Кто этот несчастный?

Или — счастливец?

— Вот он, поэт!

Источник: Джиди Мацзя "Черная рапсодия", 2014

Я жду тебя здесь ("Я ведь раньше не знал, кто ты...")

Я ведь раньше не знал, кто ты,

но в незнании ждал тебя.

Ждал на высоком плато в пустоте.

И Цонкапа* не сможет сказать,

когда ты придешь.

И шаман, бросающий кости бараньи в огонь,

не отыщет по ним

твою туманную тень.

И хотя ты таишься

за дальними небесами,

я чувствую мглистый твой дух.

Я не вижу лица твоего —

лишь золотую маску, черную рыбу.

Рокот моря вдали.

Рассветный ветер степной.

Я ведь жду тебя здесь,

на перекрестке этой земли

Я давным-давно тебя жду.

Для чего? Не знаю.

Может быть, жажда души,

летящей к другой душе.

Примечания

Цонкапа (1357-1419) — основатель школы гелугпа, одной из ветвей тибетского буддизма. Его философские трактаты и религиозные проповеди стали основой учения этой школы, оказавшей огромное влияние на последующие поколения.

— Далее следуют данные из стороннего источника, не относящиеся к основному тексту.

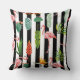 Bonito faixas brancas pretas com Travesseiro decorativo Flamingo Cactus
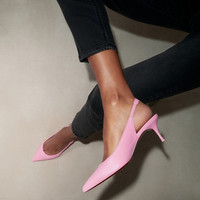 The Sporty Kate Sling pump crafted from nappa leather in Calipso pink and featuring a delicate 55 mm kitten heel is the embodiment of elegance. The closed toe contrasts with the open slingback and fine stitching adorns each edge. Detailed with the iconic Maison Christian Louboutin initials and embellished with a daring Loubi red sole, this slingback makes a statement. Product information Material: Nappa leather Color: Calipso Reference: 3240004P934 Heel height: 55 mm Collection: Fall Winter 24
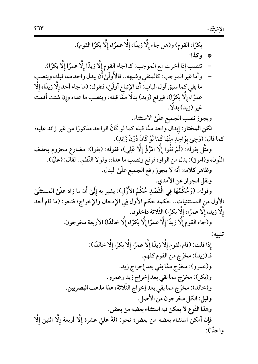 - وأما غير الموجب: كالمنفى وشبهه .. فالأَولَى أَن يبدل واحد مما قبله، وينصب ما بقي كما سبق أول الباب: أَن الإتباع أولَى، فتقول: (ما جاء أحد إِلَّا زيدًا، إِلَّا عمرًا، إِلَّا بكرًا)، فيرفع (زيد) بدلًا ممَّا قبله، وينصب ما عداه وإِن شئت أقمت غير (زيد) بدلًا.
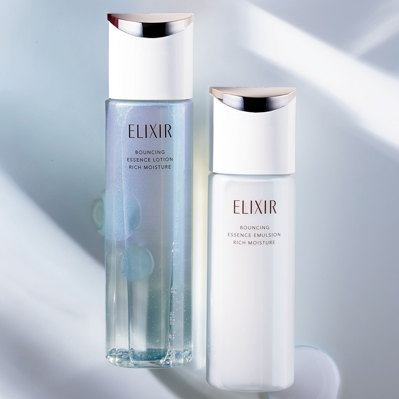 左:ハリやうるおいだけではなく乾燥小ジワや大人毛穴にまでアプローチ。独自の浸透型保湿成分で角層深くまで保湿。170ml ¥3,410 右:水分をたっぷり肌に留めておける独自処方で、肌に自然なツヤ感を。130ml ¥3,960[ともに医薬部外品](ともにエリクシール)
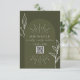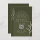 Wedding RSVP with green colour scheme, arch, and white text and botanical line art details. Replace the QR code with your own.
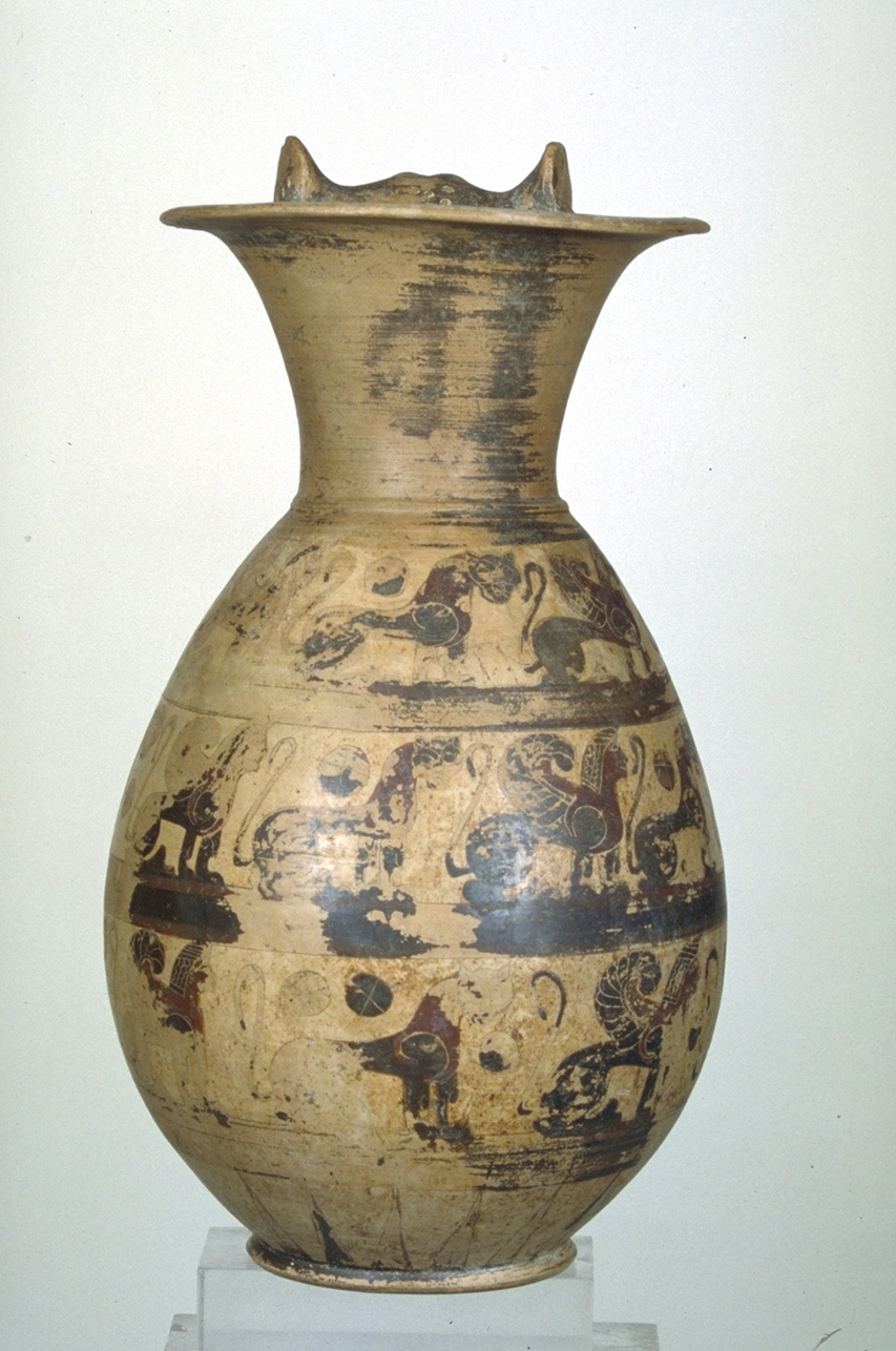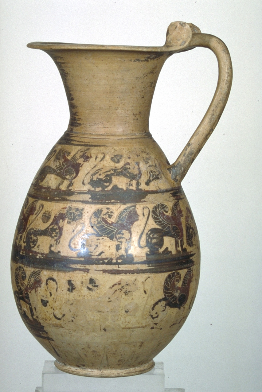 Labbro svasato, collo troncoconico con collarino, corpo ovoide, piede ad anello, ansa a doppio bastoncello impostata su orlo e spalla. Sul corpo tre fregi teriomorfi in registri delimitati da fasce con linee suddipinte in paonazzo: I) due sfingi ed un cigno alternati a tre pantere sedute col muso di prospetto; II) un cigno, una sfinge ed una pantera alternate per tre volte, due sfingi; III) quattro pantere alternate ad altrettante sfingi; nei campi riempitivi a rosetta con petali incisi. Collo, ansa e piede verniciati; raggi presso il piede; dettagli dei corpi degli animali suddipinti in paonazzo

Источник: Джиди Мацзя "Черная рапсодия", 2014

"Две вариации одного стиха"

Вторая вариация: Снежные горы — божественный храм ("Снежные горы — божественный храм в сумерках Кекесили...")

Снежные горы — божественный храм

в сумерках Кекесили.

Струят золотистое пламя.

Я дышу осенним воздухом безбрежных пространств.

Я гляжу на звезды, на фантазии неба,

как они скрываются в чреве Матери-тьмы.

Мои мысли, желания обретают легкость.

И я знаю: вот миг последнего выбора.

С языка срывается хвала Божественному откровенью,

и в синеве далеких морей угасают желания

Мы и вправду двенадцать Снежных сынов,

воскресшие под звуки погребального гимна.

И только здесь, в краях неизбывного солнца,

тени птиц и кармическое колесо жизни

превращают нашу память в вечность.

Предания древности светят с вершин умиротворенным светом,

а я — словно жрец, приносящий жертву —

пусть с пустыми склоняюсь руками, но слезы струятся из глаз,

потому что я давно обещал, что только Вестнику вечера

открою слово моей судьбы.

Я чувствую, что душа моя ищет выхода.

Вот она летит сквозь ущелья, прорезая прозрачный воздух.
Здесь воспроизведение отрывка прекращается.